The objective of the project is to integrate the R and Tableau skills that you have learned so far in the course, conduct an analysis, and present your findings. We have covered most of the skills you will need to conduct your analysis. This lab will cover a few tasks that will aid you in developing an entire analytics workflow. By workflow, we mean a sequence of steps beginning with an R script and ending with a set of steps in Tableau to create visuals.

R

Reading data from a file path

Download the data: You now have 3 years worth of data (2017 - 2019). The data are hosted on the course materials webpage here: https://csu-arec-330.github.io/course-materials/.

Import the data: The structure of the data is the same in each year, but you need to combine them into a single dataframe.

Inspect the data: There are some slight problems that need fixing. Then you need to export the data to be used in Tableau.
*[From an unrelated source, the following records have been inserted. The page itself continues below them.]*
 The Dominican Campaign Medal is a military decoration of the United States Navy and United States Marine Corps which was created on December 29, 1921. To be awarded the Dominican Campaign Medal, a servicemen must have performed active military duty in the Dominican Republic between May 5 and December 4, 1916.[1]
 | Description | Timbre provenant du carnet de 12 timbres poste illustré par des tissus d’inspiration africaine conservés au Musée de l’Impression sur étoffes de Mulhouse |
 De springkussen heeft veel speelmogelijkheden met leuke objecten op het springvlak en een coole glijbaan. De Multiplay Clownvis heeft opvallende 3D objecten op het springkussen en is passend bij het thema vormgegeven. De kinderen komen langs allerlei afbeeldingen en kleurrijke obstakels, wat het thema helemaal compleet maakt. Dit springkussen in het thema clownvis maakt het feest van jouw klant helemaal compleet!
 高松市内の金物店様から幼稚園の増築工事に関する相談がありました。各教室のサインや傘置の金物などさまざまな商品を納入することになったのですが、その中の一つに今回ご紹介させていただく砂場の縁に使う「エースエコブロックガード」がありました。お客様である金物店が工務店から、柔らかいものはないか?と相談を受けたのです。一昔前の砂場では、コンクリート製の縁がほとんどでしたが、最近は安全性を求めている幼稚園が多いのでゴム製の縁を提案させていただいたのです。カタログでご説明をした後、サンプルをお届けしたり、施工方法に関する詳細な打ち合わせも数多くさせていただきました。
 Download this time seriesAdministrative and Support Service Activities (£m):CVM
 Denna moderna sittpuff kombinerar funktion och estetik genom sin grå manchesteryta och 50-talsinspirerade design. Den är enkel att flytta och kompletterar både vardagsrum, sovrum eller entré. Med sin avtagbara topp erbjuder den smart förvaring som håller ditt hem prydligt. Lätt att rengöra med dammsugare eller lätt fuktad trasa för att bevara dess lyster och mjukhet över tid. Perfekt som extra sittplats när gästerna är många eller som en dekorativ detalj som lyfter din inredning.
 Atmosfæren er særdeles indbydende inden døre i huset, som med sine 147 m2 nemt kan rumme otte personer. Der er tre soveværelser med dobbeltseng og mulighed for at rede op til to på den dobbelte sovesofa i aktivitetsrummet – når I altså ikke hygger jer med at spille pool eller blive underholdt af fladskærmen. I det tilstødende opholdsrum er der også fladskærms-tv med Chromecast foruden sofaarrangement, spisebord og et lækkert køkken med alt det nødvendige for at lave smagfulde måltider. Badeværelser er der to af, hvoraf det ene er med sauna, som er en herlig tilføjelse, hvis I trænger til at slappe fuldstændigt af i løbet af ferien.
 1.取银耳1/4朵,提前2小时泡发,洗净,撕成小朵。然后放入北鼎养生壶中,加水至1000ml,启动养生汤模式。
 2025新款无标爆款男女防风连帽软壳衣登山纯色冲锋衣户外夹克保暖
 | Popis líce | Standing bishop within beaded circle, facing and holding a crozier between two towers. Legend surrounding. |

Start a new R script and get set up:

  • write a brief description of the script

  • set working directory

  • load required packages

Reading data from a URL

Up until now, we have downloaded data and read it into R or Tableau. We want you to understand the process of reading data from your file system and understand the structure of your file system. However, R is capable of downloading and reading files directly from web addresses. Using the read_csv() function from the readr package, you will read in the data and assign the output to a new dataframe.
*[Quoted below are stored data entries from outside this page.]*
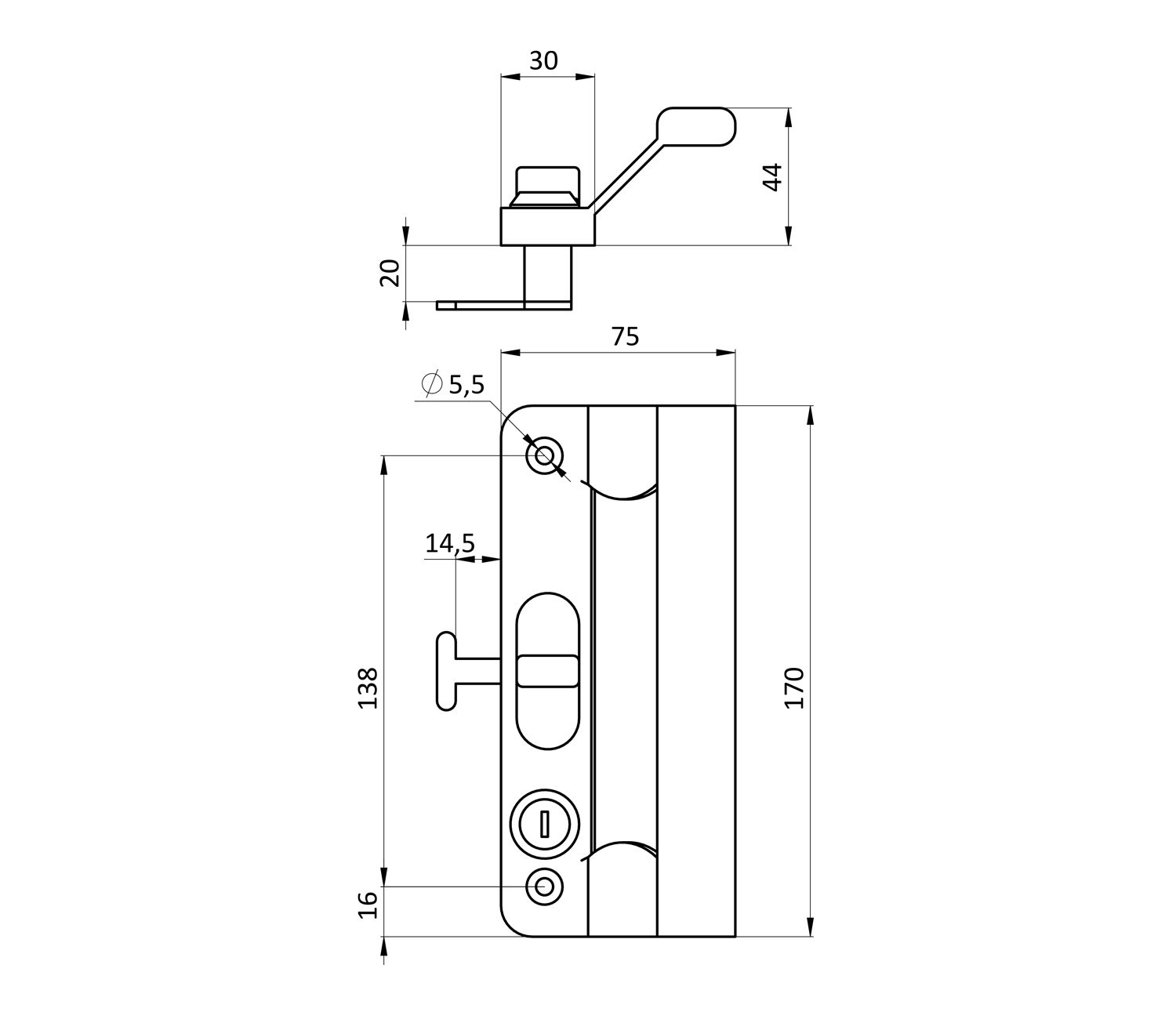Замок для раздвижной двери, серия 40, правыйЗамок для раздвижной двери, серия 40, правый
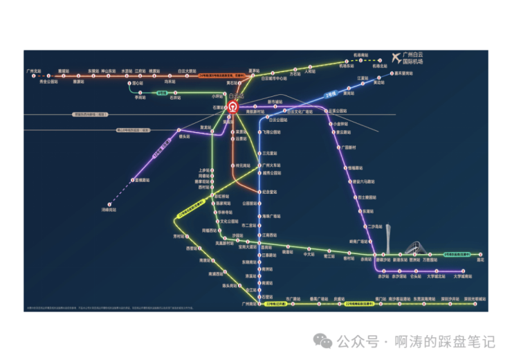 24号线:属于8号线的北延段,从广州北站连接到白云、越秀,终点站纪念堂,通过北站实现空铁联运;
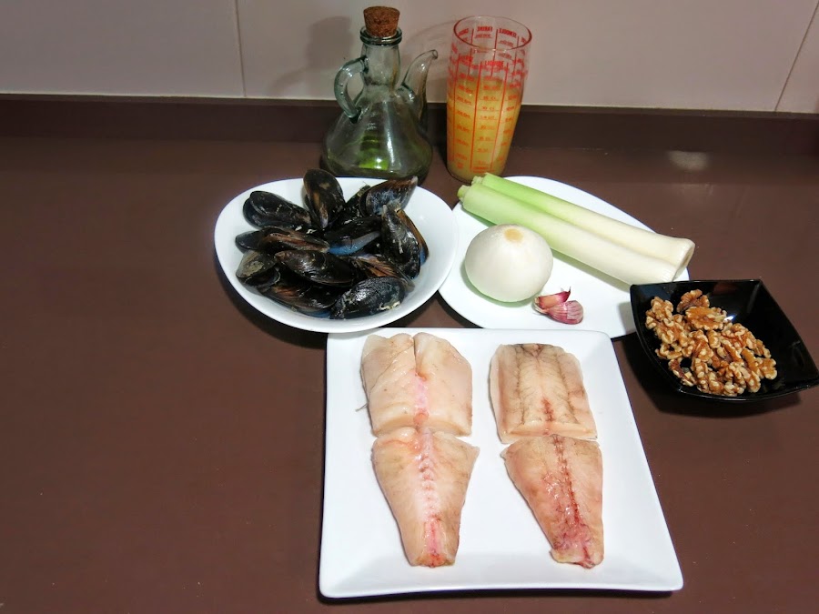 Una vez se han pochado las verduras, incorporamos la ?harina de nuez?, un chorrito del caldo de los mejillones y el caldo de pescado (pensar que debe de quedar una salsa espesa, por tanto si todo el caldo de pescado lo considerais excesivo, echar solamente un chorrito también, jugar con las cantidades, incluso podeis utilizar únicamente el caldo del mejillón).

super_2017 <- read_csv("your_url_here.csv")

Do the same for years 2018 and 2019.

On occasion datasets are hosted on a website and updated regularly. Writing an R script to pull data from another website and process it can save you time in the future.

Data processing

Now you have three dataframes with the same columns. You need to append 2018 and 2019 onto 2017 (i.e., bind the dataframes together).

Once you have a single dataframe with all of the years, inspect the dataframe for missing data. Use the appropriate dplyr functions to fill in the missing data.

Note: Gross margin is calculated as the proportion of revenue that exceeds the cost of goods sold (COGS).

Exporting dataframes

So far, you have read in data and processed it all within R. For this project, you will need to export the cleaned data from R in a format that can be read into Tableau. The readr package contains write_*() functions that are analogous to the read_*() functions.

write_csv(your_dataframe,"filename.csv")

Read through the documentation. Since write_csv() is writing data, you need to tell R what dataframe (e.g., super_2017) you want to write and the name of the file you intend to create filename.csv. Note that you can also write to another directory just as you read from another directory.

Tableau

So far, we have focused on making single graphics. One strength of Tableau is the ability to create interactive dashboards with interconnected elements.

Part 1: Create your visualizations

Follow the steps from previous labs to connect to the dataset and create two graphics:

  1. A line graph plotting total sales by date

  2. A bar chart plotting the count of transactions by payment type

Part 2: Build your dashboard

Now create a dashboard with these two visualizations by following these steps:

  1. Click the ‘New Dashboard’ icon at the bottom of Tableau Desktop.

  2. Drag each of your visualizations (one at a time) to the dashboard window.

  3. Experiment with moving these visualizations around, resizing them, and editing their titles.

  4. Add interactivity 1: Create a filter based on payment type:

  • Select the bar chart

  • Click ‘More Options’ (the little down arrow on the toolbar next to the graph)

  • Select ‘Use as filter’

What did this do?

  1. Add interactivity 2: Create a filter based on city that applied to both visualizations:
  • Go back to the worksheet with your line graph

  • Drag the field ‘City’ to the filters card (and select all)

  • Return to your dashboard

  • Select the line chart

  • Click ‘More Options’ -> ‘Filter’ -> ‘City’

  • Change the city filters

What happens?

  • Select the new pane with your city filter

  • Click ‘More Options’ -> ‘Apply to Worksheets’ -> ‘Selected Worksheets’ (this dropdown appears next to the city filter)

What did this do?

  1. Play around with formatting:
  • Try adding text. Can you change the text box so that you can place it on top of your figures?

  • Try adding an image from the web.

  • Try adding an extension (just pick one that sounds cool)